Тут все пытались перекричать друг друга, заливались вином, давились самыми жирными кусками, жевали, отрыгивали, плакали, целовались. Войтишич знай выкрикивал своё: "Будь оно всё проклято!" - и целовался с боярством; четыре Николая, сдвинувшись плечом к плечу, с жадностью набрасывались на яства, с нескрываемой злостью посматривая на суздальцев, а вместе с ними и на Дулеба. Анания не ел и не пил, только брезгливо морщился, сидя между Войтишичем и митрополитом.

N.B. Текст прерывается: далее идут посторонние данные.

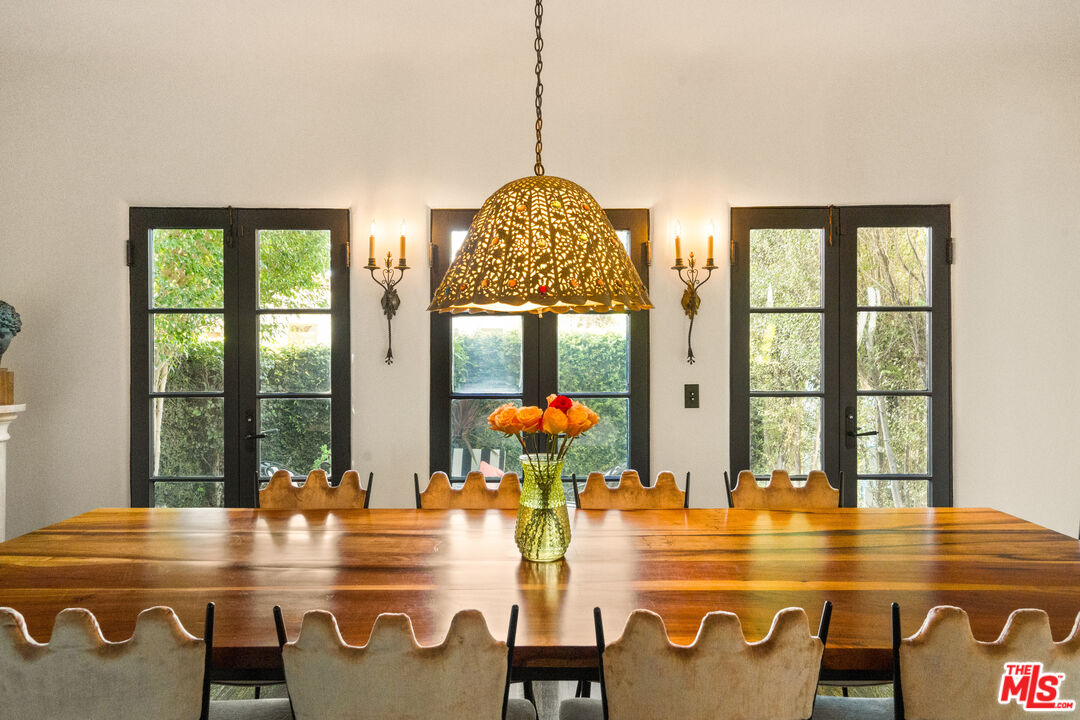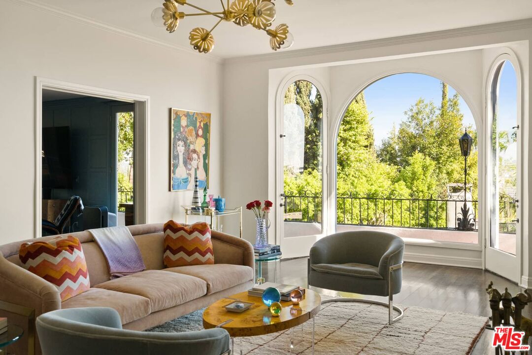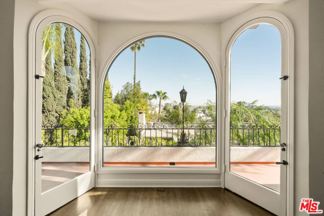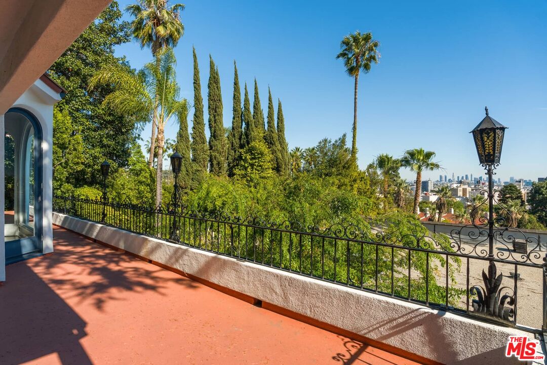 Presenting 2041 Grace Ave, the gem of Hollywood Hills' iconic enclave of Whitley Heights. Built in 1922 by H. L. Wilson, this expansive Mediterranean style estate captures all the glamour and romance of vintage Hollywood. Situated high above the city on an extremely rare double lot teeming with fruit, elm and magnolia trees, this historic home is an entertainers dream boasting impressive outdoor spaces, spacious rooms with high ceilings, breathtaking views of Los Angeles, and walled and gated grounds for added privacy. The entry opens to a formal living room, captivating upon arrival and drawing one outward to panoramic city skyline views. Light moves gently throughout the day, settling into a soft, luminous dusk. Formal dining sits just beyond with French doors opening to a private garden with seating and firepit, creating an effortless indoor-outdoor flow. A true cook's kitchen, centered by an island offers ample cabinetry and a quaint breakfast nook with built-in banquet. A generous den/media room and a dedicated office open to a terrace with perfect flow to the grounds with pool, spa and meditation alcove. Up a classic turret staircase, the upper floor reveals a dreamy primary suite with decorative fireplace, overlooking the grounds and the city beyond with views that stretch from DTLA to the ocean. Two additional bedrooms and a full bath complete this level. A lower level offers added flexibility with a bonus room currently used as a home gym, a private guest suite with bath and separate entrance, plus generous storage. Spend your days lounging by the solar heated pool in a lush garden and your nights having drinks in your prohibition speakeasy bar. This is your Hollywood dream!

Дулеб оказался возле боярина Петра Бориславовича, который поздоровался с ним ещё в Десятинной церкви и не отпускал после этого от себя, обрадовавшись, что может повстречать в Киеве ещё одного человека, знакомого с книжной премудростью, ибо к церковным мужам Пётр не имел особого расположения. Князь Ростислав посадил Дулеба рядом с собой, а поскольку Пётр Бориславович был рядом с лекарем, то получилось так, что он сел с другой стороны от Юрьевича. Им к лицу было так сидеть: посредине роскошно-величественный князь; с одной стороны спокойный, подчёркнуто скромно, но и со вкусом одетый лекарь, которого побаивались, потому что он до сих пор ещё был для всех загадочным; с другой - Пётр Бориславович, вдохновенно-бледный, чернобородый, в сиреневой хламиде, обшитой чёрным бобром, с пальцами, унизанными драгоценными жуковинами, высокоучёный и холёный, будто высокородный ромей.
– Не выношу дальних походов, - сказал он, наклоняясь к Ростиславу. Претит мне спанье в свинских условиях, неумывание, плохая пища. С малых лет избаловали меня. Отец мой заметил, что у меня слишком короткие руки, не пригодные для меча, и отдал в книжную науку. Побывал я во многих землях, изучил чужие языки, прочёл все книги, познал множество людей. А познал ли самого себя?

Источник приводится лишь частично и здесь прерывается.